In the case, the OCA panel ruled that an ex-employee’s income during their statutory severance and termination period is not subject to deduction as mitigation income from the damages award her former employer was ordered to pay.
The duty of the complainant to mitigate or lessen their damages is a basic principle of contract law, he says. In the case of wrongful dismissal, the claimant mitigates the damages if the plaintiff gets a job during the notice period.
“So the law of mitigation to some degree discourages people from doing what they should do because the employer is getting the full credit for the work,” says Fisher. “Now comes along this case.”
The appeal panel determined that when a terminated employee must take substantially inferior employment, the payment from that work is not mitigation income and won’t be deducted from the amount the former employer owes.
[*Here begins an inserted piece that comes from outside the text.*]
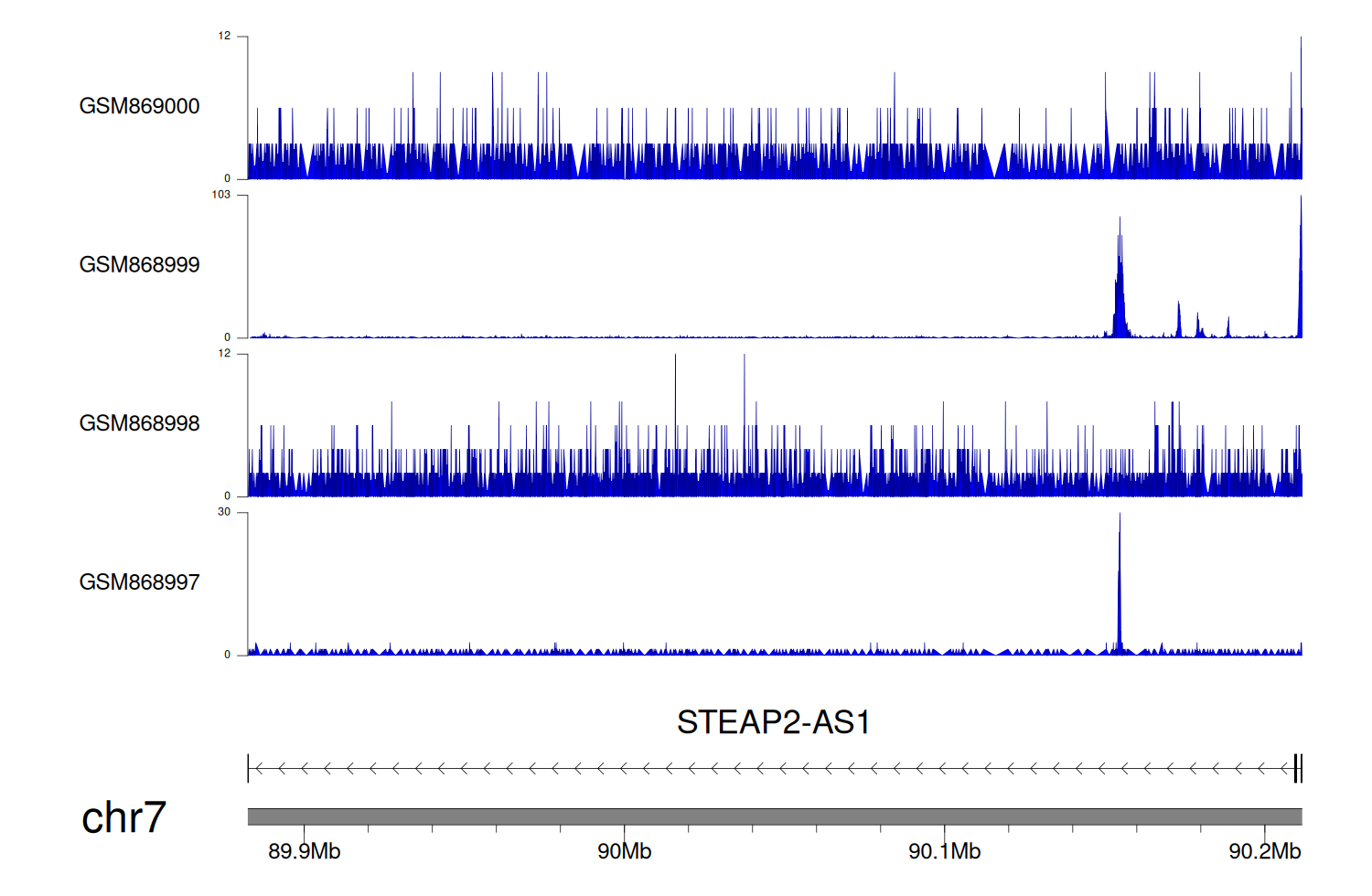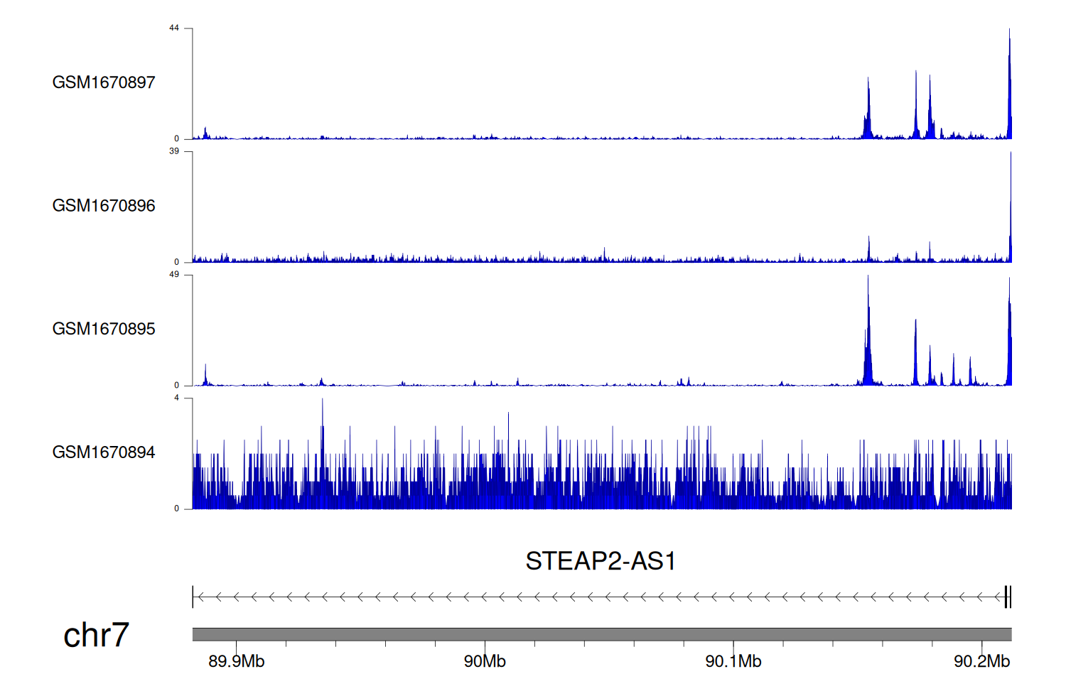 > Dataset: GSE68402 - STEAP2-AS1 peak across samples

The complainant was a 62-year-old McDonald's manager who had another part-time job prior to her dismissal. The income from that job, provided it was the same after the dismissal, was not subject to mitigation, so it didn’t lessen the amount her ex-employer owed her.
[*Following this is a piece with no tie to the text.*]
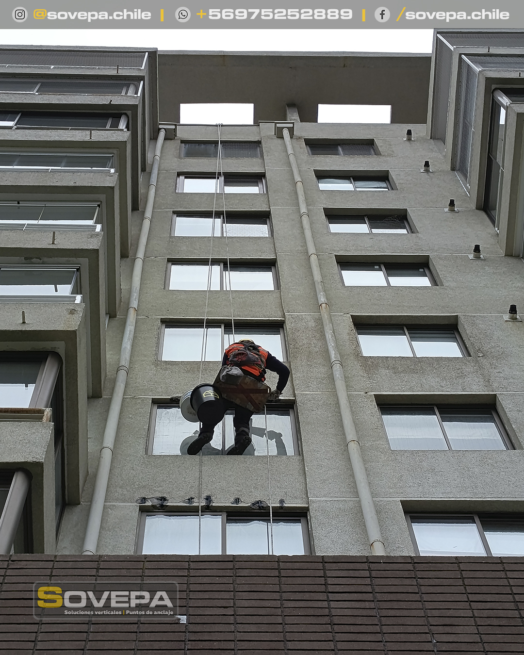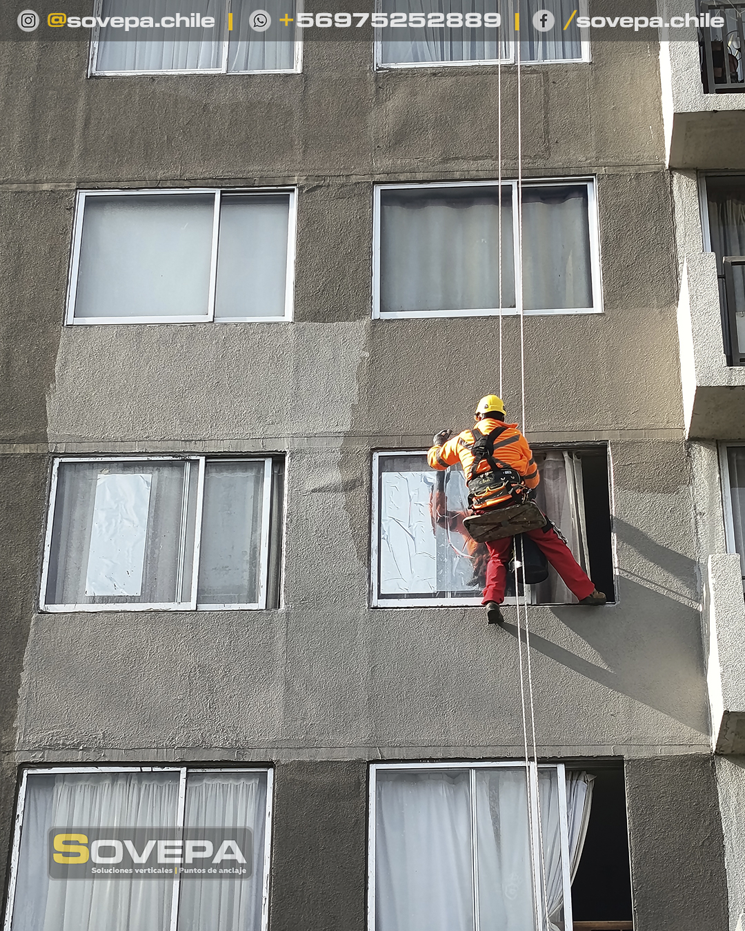 Instalación sistema de anclajes, reparación vano ventanas y aplicación de pintura.

She did, however, take a non-managerial or lesser job during the notice period. The OCA decided that the lesser job would not trigger any mitigation deduction.
“The Court of Appeal confirmed a couple of things that changed the law, in my opinion,” says Fisher. “This case creates a new concept. It breaks the notice period into two parts and even gives them titles: statutory entitlement period and then the balance of the notice period.”
The OCA found that the statutory entitlement period is not subject to mitigation, but income earned during the balance of the notice period is subject to a deduction from mitigation income.
Given two identical situations, says Fisher, if one person works during the first part of the notice period that amount is not deducted from the sum he is owed by his former employer. However, if someone works during the latter period, earnings are deducted from the damages owed him.
“It creates inequity, to say nothing of the fact that there’s no such thing as a statutory entitlement period,” says Fisher. “We’re treating people in virtually identical situations — they’ve both been unemployed, they’ve both been fired. One guy gets a temporary assignment early, the other guy gets a temporary assignment late, one guy gets more money than the other. In my opinion, it’s an unnecessary unfairness, based purely on a technicality, which is when the income was earned.
“Mitigation income could never eat into your Employment Standards Act minimums. This case is different. It is setting up that statutory entitlement period and saying that it’s free of mitigation, any income you earn during that period will be ignored.”
The second aspect of the case that is of concern to Fisher is how that income from the lesser job was treated during the balance of the notice period. The OCA determined it is not deductible because it was a “vastly inferior” position.
“It’s created another area of conflict as to what is going to be interpreted to mean ‘much inferior’ or ‘vastly inferior,’” says Fisher. “Where’s the dividing line going to be?”